So Rudy is another version of it. It’s called R U Dead Yet, is what it stands for. It’s basically like a slow post version. Actually, Solaris does have a post-based version. The reason why you might want to use that versus the GET based version is something called an Accept header inside Apache, which basically says post is treated differently than GET. Sometimes people are slower with Post than they are with GET, so handle it differently. Either way, they’re basically the same things. Another thing you can do is, basically, you can set too many cookies in the browser. There’s about a thousand different ways you can do this.

My personal favorite is you have a whole bunch of websites, and they have to be different websites, they’re truly websites, and you just have all of them set, as many cookies as you possibly can. Eventually, you overwrite the cookie jar and you log people out. So, for instance, let’s say you have an affiliate program and you wanted to kill the affiliate cookies for everybody else and you wanted to have only your own. Well, first thing you’d do is you’d set up a bunch of websites and you have this browser come in, iframe them or whatever to all these different websites, set a bunch of cookies, and now your competitor’s cookie is blown away, right? Okay, so next one is application DOS, a little bit higher in the stack.

I’m not going go over all of these, but one of my favorite ones is the zip bomb. So, oftentimes, there’s different types of gzip deflating coding done on websites. Sometimes there’s zip encoding. Many of them, zip in particular, allow you to zip within zip and within zip, and you can have multi gig files in a zip file. And so, when it attempts to unzip something that’s very small, just a few bytes, this thing explodes on the machine and consumes tons of disk space. 

Another one that I really like is the last one there, the chat one. So, we talk a lot about LLMs, but one of my favorite things is, what is one of the most expensive things you can run on a website? An LLM, right? Especially if you’re pointing at OpenAI or whatever and you’re basically consuming all this API tokens and that those tokens cost money. Well, what if I just decided to send a thousand or a billion or whatever chat messages at you? Well, you’re just basically eating all that cost for absolutely no upside.
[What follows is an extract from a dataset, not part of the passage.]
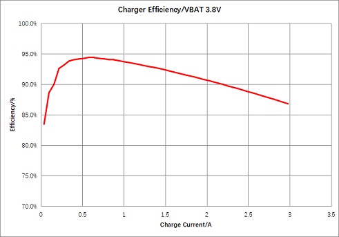 • 高效率3A同步降壓充電(配合2520封裝,1μH, 30mΩ DCR電感, VBUS 5V)
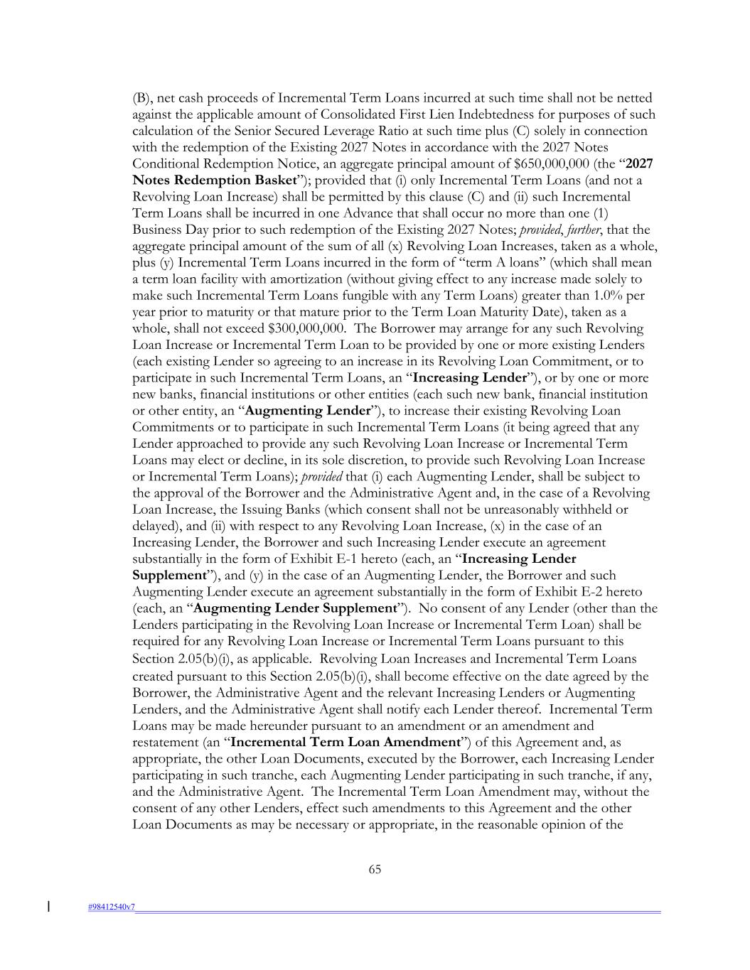 (B), net cash proceeds of Incremental Term Loans incurred at such time shall not be netted against the applicable amount of Consolidated First Lien Indebtedness for purposes of such calculation of the Senior Secured Leverage Ratio at such time plus (C) solely in connection with the redemption of the Existing 2027 Notes in accordance with the 2027 Notes Conditional Redemption Notice, an aggregate principal amount of $650,000,000 (the “2027 Notes Redemption Basket”); provided that (i) only Incremental Term Loans (and not a Revolving Loan Increase) shall be permitted by this clause (C) and (ii) such Incremental Term Loans shall be incurred in one Advance that shall occur no more than one (1) Business Day prior to such redemption of the Existing 2027 Notes; provided, further, that the aggregate principal amount of the sum of all (x) Revolving Loan Increases, taken as a whole, plus (y) Incremental Term Loans incurred in the form of “term A loans” (which shall mean a term loan facility with amortization (without giving effect to any increase made solely to make such Incremental Term Loans fungible with any Term Loans) greater than 1.0% per year prior to maturity or that mature prior to the Term Loan Maturity Date), taken as a whole, shall not exceed $300,000,000. The Borrower may arrange for any such Revolving Loan Increase or Incremental Term Loan to be provided by one or more existing Lenders (each existing Lender so agreeing to an increase in its Revolving Loan Commitment, or to participate in such Incremental Term Loans, an “Increasing Lender”), or by one or more new banks, financial institutions or other entities (each such new bank, financial institution or other entity, an “Augmenting Lender”), to increase their existing Revolving Loan Commitments or to participate in such Incremental Term Loans (it being agreed that any Lender approached to provide any such Revolving Loan Increase or Incremental Term Loans may elect or decline, in its sole discretion, to provide such Revolving Loan Increase or Incremental Term Loans); provided that (i) each Augmenting Lender, shall be subject to the approval of the Borrower and the Administrative Agent and, in the case of a Revolving Loan Increase, the Issuing Banks (which consent shall not be unreasonably withheld or delayed), and (ii) with respect to any Revolving Loan Increase, (x) in the case of an Increasing Lender, the Borrower and such Increasing Lender execute an agreement substantially in the form of Exhibit E-1 hereto (each, an “Increasing Lender Supplement”), and (y) in the case of an Augmenting Lender, the Borrower and such Augmenting Lender execute an agreement substantially in the form of Exhibit E-2 hereto (each, an “Augmenting Lender Supplement”). No consent of any Lender (other than the Lenders participating in the Revolving Loan Increase or Incremental Term Loan) shall be required for any Revolving Loan Increase or Incremental Term Loans pursuant to this Section 2.05(b)(i), as applicable. Revolving Loan Increases and Incremental Term Loans created pursuant to this Section 2.05(b)(i), shall become effective on the date agreed by the Borrower, the Administrative Agent and the relevant Increasing Lenders or Augmenting Lenders, and the Administrative Agent shall notify each Lender thereof. Incremental Term Loans may be made hereunder pursuant to an amendment or an amendment and restatement (an “Incremental Term Loan Amendment”) of this Agreement and, as appropriate, the other Loan Documents, executed by the Borrower, each Increasing Lender participating in such tranche, each Augmenting Lender participating in such tranche, if any, and the Administrative Agent. The Incremental Term Loan Amendment may, without the consent of any other Lenders, effect such amendments to this Agreement and the other Loan Documents as may be necessary or appropriate, in the reasonable opinion of the 65 #98412540v7

Next one is the client side DOS. So we’ve experimented with this quite a bit, and it does work quite well. If the competitor has an ad on their site, I can make that ad extremely non performant, like ridiculously, ridiculously non performant, especially when Google hits it. So Google’s like, woof, this site sucks. Or if the users bounce because it’s loading so slowly, well, they’re like, oh, I’m seeing a lot of bounce off of this website, or whatever. 

Another one is taking over old S3 buckets. So a lot of times people will point something at an S3 bucket and then they’ll forget to pay their bill or whatever. It doesn’t have to be just S3, by the way. There’s a bunch of different services that are like this. But you basically take it over for them and you pay the bill. And now you can basically inject whatever client side stuff you want to make it extremely slow and all of a sudden they start de-ranking.
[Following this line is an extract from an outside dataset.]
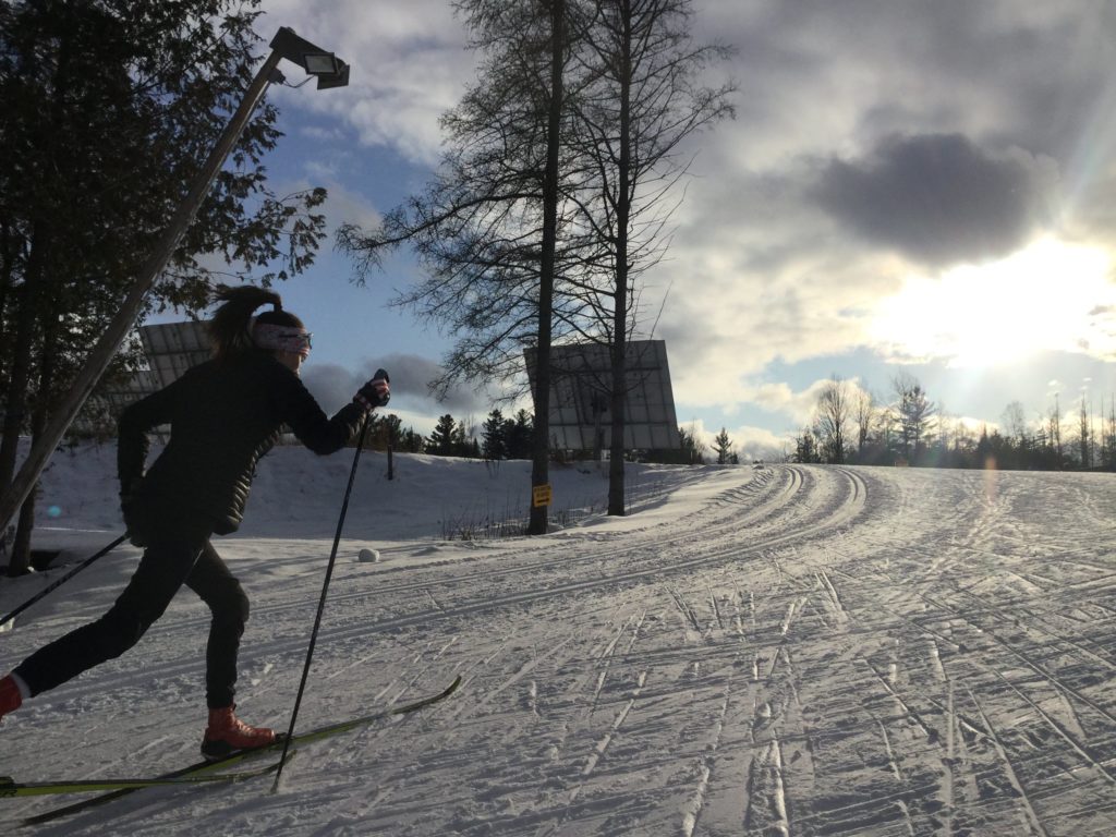 Even later in the day, MNC faces kept popping up either in the lodge or on the trails. Coach Sara was diligently helping folks try new equipment at the Skirack tent, while others switched to a different technique after their lunch break. Coach Rick and I got to even take a lap of our own, a rarity on days like this when there is so much going on! One of the last to leave was Carly, who was taking advantage of the demo day to help figure out just what she was looking for in a new pair of classic skis. I had left just as the sun was rising, and it turns out I was leaving Craftsbury as the sun was beginning to dip down low. I caught this quick photo of Carly showing that alpenglow lighting that so often blankets the Northeast Kingdom in the winter months.

Last one there is bandwidth denial service. LOIC, Low Orbit Ion Cannon, is probably the most common, especially when tied with a botnet, but there’s a whole bunch of versions of this, like literally hundreds. Another one is called page reboot. This is what was used to take down a RAM. Basically, they just got a whole bunch of people to click on a page that just reboots itself, just like this doesn’t matter, refresh every five seconds or something. Another way to do it that we tested and it worked quite well was ad networks. So we can basically take an ad network and put a whole bunch of iframes and just basically refresh them over and over and over. And it turns out with about a million ads running full time, you can really put the hurt on Cloudflare even. So much so, they called Mercy and they told us to turn it off.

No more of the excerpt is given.